The headline difference was a 1 s or 0.8% improvement in performance, underpinned by a greater total O2 consumed with the priming condition. Interestingly, the performance in improvement all came in the last 400m where the pace slowed less than the control, i.e. coming on strong at the end. The uptake of the research findings was immediate, the coach was convinced; other coaches knew of the credibility of the athletes involved and once the practice was solidified, it was tried out for real in competition, fed onto other physiologists (one of the strengths of having a well-connected EIS network) in other ‘engine’ sports such as swimming, cycling and rowing. Both at Beijing and in the major championships since athletes have been plying this method to their performances. Individualisation is key though to getting it right for athletes, with variables such as ‘holding’ duration, pacing method, aerobic-anaerobic type and prior (previous rounds, multiple events etc) activities complicating the formula for the physiologist to unfold.
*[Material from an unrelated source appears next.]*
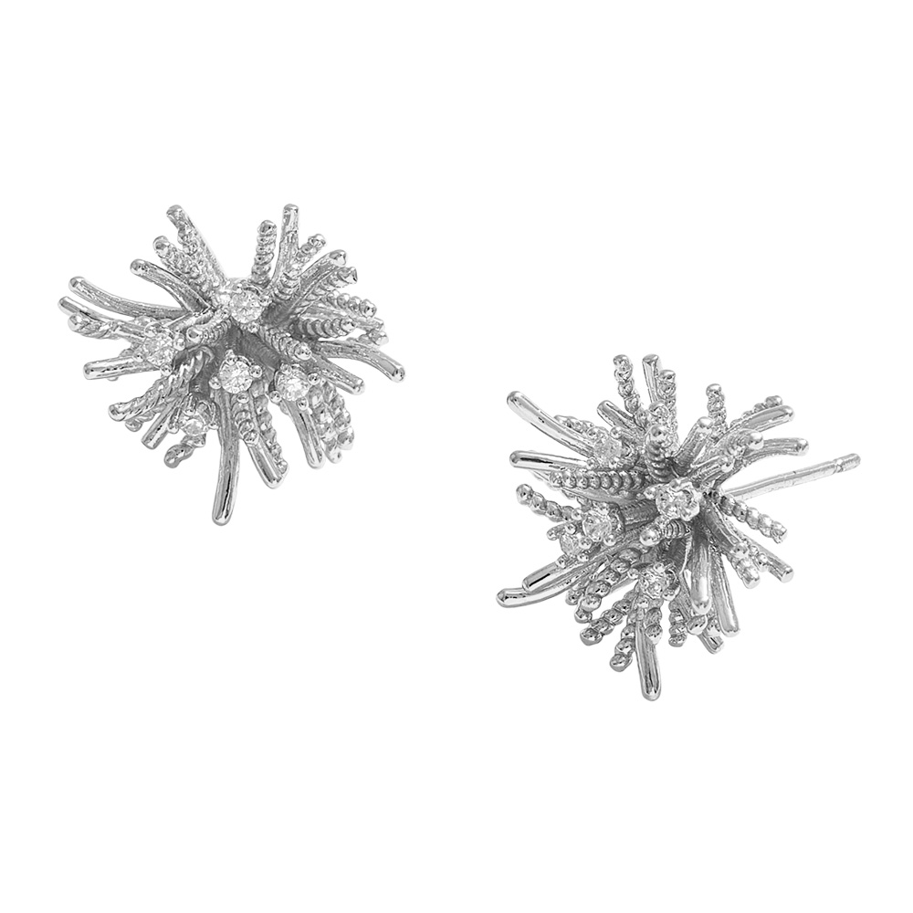 White Gold Dipped CZ Stone Accent Starburst Stud Earrings White Gold Dipped CZ Stone Accent Starburst Stud Earrings
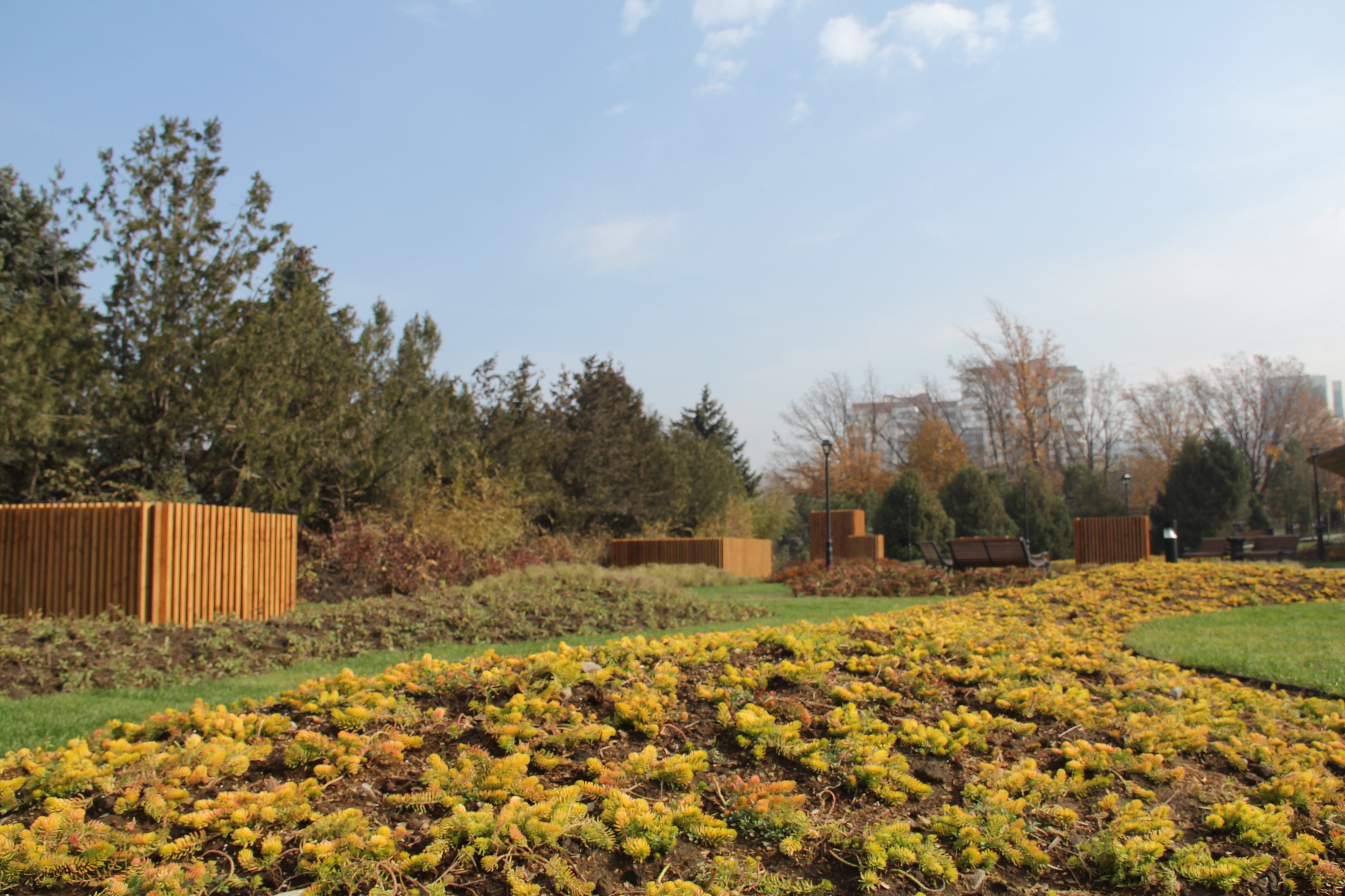 «Высажено 95 хвойных и 228 лиственных деревьев, продолжается посадка 469 хвойных и 384 лиственных кустарников, а также композиций из многолетних растений».

So we have known that warming up has worked for aeons, but up until just recently it has been an area of mystery and at best a blunt instrument. It was not until we conducted some controlled trials, importantly, on elite athletes and with a competition specific protocol, did the breakthrough come to application – and this approach has now infused our systems and long term-strategy. But it is also thanks to the foundation of work that we must give praise – to Mark Burnley (the ‘Prime’ Minister, if you will) and Andy Jones who have masterfully corralled this topic so well. For its clear performance enhancement, its breaching of the protected area of pre-competition intervention and its wide application to other key sports – priming warm-up takes the 3rd place, the bronze placing and a podium finish, in my top 10 applications of sports physiology.